Jeremiah Curtin saw a parallel between the Russian tale and a similar motif in the Hungarian folktale Prince Mirko or Mirko, the King's Son, wherein Prince Mirko and a rescued princess shrink a diamond castle into a golden apple.

Translations
Journalist and children's book author Arthur Ransome published an extended and more detailed version of the story, with the name The Three Men of Power - Evening, Midnight and Sunrise. He described Evening as "dusky, with brown eyes and hair" and riding a horse of a dusky brown color; Midnight as "dark, with eyes and hair as black as charcoal" and riding a black horse; and Sunrise with "hair golden as the sun, and eyes blue as morning sky", and riding a horse "as white as the clouds".

Professor Jack V. Haney translated the tale as "Dawn, Evening and Midnight". Another translation is Evening, Midnight and Dawn.

Variants

Distribution
The tale type ATU 301 is, according to Jack Haney, "one of the most popular in the East Slavic tradition", as well as being "widely reported" across Europe.

Russia

Russian variants of the tale fall under the banner The Realms of Copper, Silver and Gold. In fact, this tale type, also known as Three Kingdoms - Copper, Silver and Golden, is one of "the most popular Russian folktales".

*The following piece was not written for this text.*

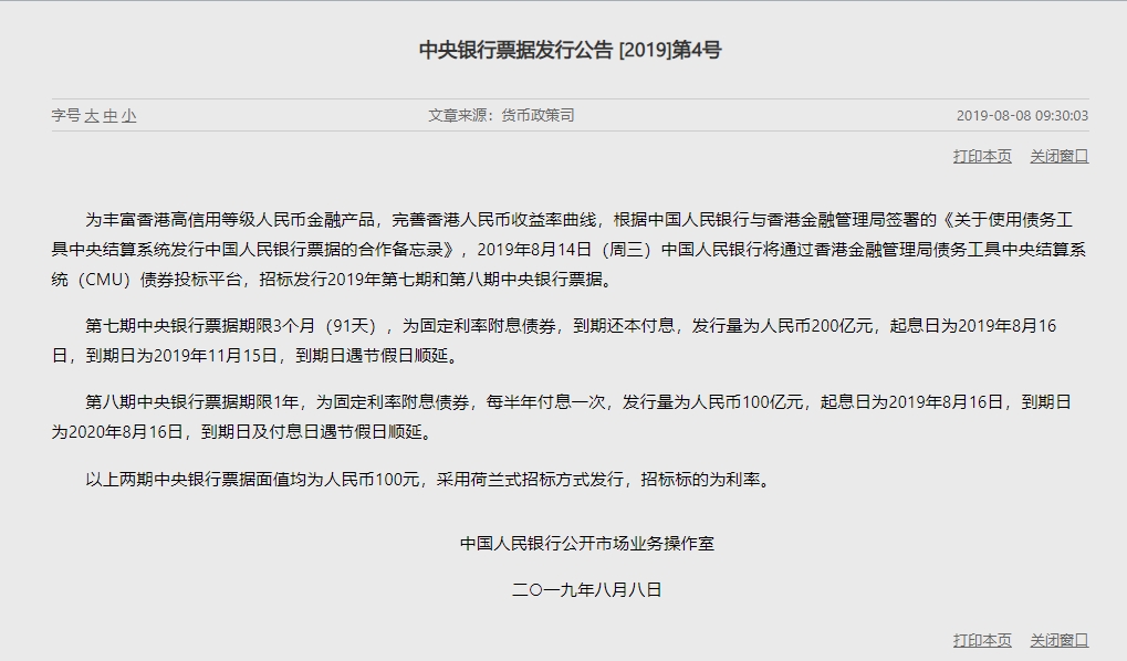 统计显示,包括此次发行,2019年以来,央行已经先后5次在中国香港共计发布了9期央票。值得一提的是,央行在《2019年第二季度中国货币政策执行报告》中,首次提出在港建立发行中央银行票据的常态机制,完善香港人民币债券收益率曲线。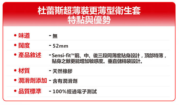 前、中、後三段同薄度貼身設計,比一般杜蕾斯衛生套薄20%,但仍保持一貫的安全度及保護。

Variants of the tale type are also attested with Selkup storytellers. These variants show the presence of character Koschei, the Deathless, the sorcerer of Slavic folklore, and are also classified as type ATU 302, "Devil's (Ogre's) Heart in the Egg" or ATU 313, "The Magic Flight".

Regional tales

Professor Jack V. Haney also translated another tale from raconteur Matvei Mikhailovich Korguev (1883-1943). In his tale, called Dawn Lad, three brothers are born at different times of the day: Evening Lad at night, Midnight Lad at midnight and Dawn Lad at dawn. Equal in strength, they walk toward a mountain range to find out who lives there: they find three maidens (a merchant's daughter, a king's daughter and a tsarevna) captive under three many-headed serpents. Each brother kills one of the serpents. Later, Dawn Lad and his brothers liberate another princess from evil wizard Chernomor. When they descend the mountain range through an anchor, Dawn Lad's brothers take back the anchor and leave their sibling stranded. With the help of the fourth princess. Dawn Lad returns to the tsarevna and marries her, but the narrative does not mention a reckoning on his brothers' abandonment.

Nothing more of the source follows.